Extract the minimal CSS used in a set of URLs with puppeteer

License

Notifications You must be signed in to change notification settings

usebaz/minimalcss

 
 

Repository files navigation

minimalcss

Build Status NPM version styled with prettier Renovate enabled

A Node library to extract the minimal CSS used in a set of URLs with puppeteer. Used to find what minimal CSS is needed to render on first load, even with document.onload executed.

This minimal CSS is also known as critical path CSS and ultimately a web performance technique to make web pages load faster at initial load.

What does it do?

You supply a list of URLs that it opens (one at a time) and for each page it downloads all external CSS files (e.g. <link rel="stylesheet" href="bootstrap.min.css">) and uses the DOM and document.querySelector to investigate which selectors, in the CSS, are actually in the DOM. That minimal payload of CSS is all you need to load the URLs styled without having to make it block on CSS.

Under the hood it relies on the excellent puppeteer library which uses the Headless Chome Node API. This means it runs (at the time of writing) Chrome 62 and this library is maintained by the Google Chrome team.

The CSS to analyze (and hopefully minimize) is downloaded automatically just like a browser opens and downloads CSS as mentioned in the DOM as <link> tags.

The CSS is parsed by CSSTree and the minification and compression is done with CSSO. An AST of each CSS payload is sent into the Headless Chrome page evaluation together with a callback that compares with the DOM and then each minimal CSS payload is concatenated into one big string which then CSSO compresses into one "merged" and minified CSS payload.

Usage

Install:

yarn add minimalcss --dev

You can install it globally if you like:

yarn global add minimalcss
npm install [--save-dev|--global] minimalcss

Now you can run it:

$ ./node_modules/.bin/minimalcss https://example.com/ https://example.com/aboutus > minimal.min.css

Prior art

minimalcss isn't the first library to perform this task. What's unique and special about minimalcss is that it uses the Chrome Headless browser.

  • penthouse - uses PhantomJS which is a headless WebKit browser. PhantomJS is no longer maintained. Supports only 1 URL at a time and can't you have to first save the CSS files it should process.

  • critical - uses penthouse (see above) with its "flaws" meaning you can only do 1 URL (or HTML string) and you have to prepare the CSS files too.

  • UnCSS - uses jsdom to render and execute JavaScript. Supports supplying multiple URLs but still requires to manually supply the CSS files to process.

  • mincss - Python project that uses lxml.html to analyze the HTML statically (by doing a GET of the URL as if done by a server). I.e. it can't load the HTML as a real browser would and thus does not support a DOM with possible JavaScript mutations on load. It can optionally use PhantomJS to extract the HTML.

Killer features

  • You don't need to specify where the CSS is. It gets downloaded and parsed automatically.

  • It uses puppeteer and CSSTree which are both high quality projects that are solid and well tested.

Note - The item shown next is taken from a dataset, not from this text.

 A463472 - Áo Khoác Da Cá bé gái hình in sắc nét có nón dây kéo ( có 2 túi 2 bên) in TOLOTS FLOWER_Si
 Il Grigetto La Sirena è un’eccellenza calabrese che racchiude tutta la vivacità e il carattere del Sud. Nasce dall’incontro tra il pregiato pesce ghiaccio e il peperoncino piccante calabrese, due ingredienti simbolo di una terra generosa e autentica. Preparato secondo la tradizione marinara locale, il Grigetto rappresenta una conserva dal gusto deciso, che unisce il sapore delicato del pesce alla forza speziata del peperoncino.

  • The CSS selectors downloaded is compared to the DOM before and after JavaScript code has changed the DOM. That means you can extract the critical CSS needed to display properly before the JavaScript has kicked in.

  • Ability to analyze the remaining CSS selectors to see which keyframe animations that they use and use this to delete keyframe definitions that are no longer needed.

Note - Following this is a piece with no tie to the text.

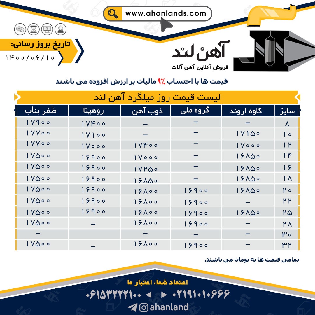 لیست قیمت دهم شهریور ماه ۱۴۰۰ برای مشاهده آنلاین قیمت انواع مقاطع فولادی به وب سایت زیر مراجعه نمایید: WWW.AHANLANDS.COM ⚜اعتماد شما اعتبار ماست⚜ ارتباط با کارشناسان ما: https://zil.ink/ahanland 📍آدرس اینستاگرام آهن لند https://lnkd.in/d۴epHFt

  • You can specify a viewport, which might cause the page to render slightly different. It does not create the minimal CSS only on DOM that is visible though.

  • If the CSS contains @font-face { ... } rules whose name is never used in any remaining CSS selector, the whole font-face block is removed.

Help needed

Let's make this a thriving community project!

Help needed with features, tooling, and much testing in real web performance optimization work.

API

const minimalcss = require('minimalcss')

Get version minimalcss.version

Just prints out the current version.

Run a minimization minimalcss.run(options)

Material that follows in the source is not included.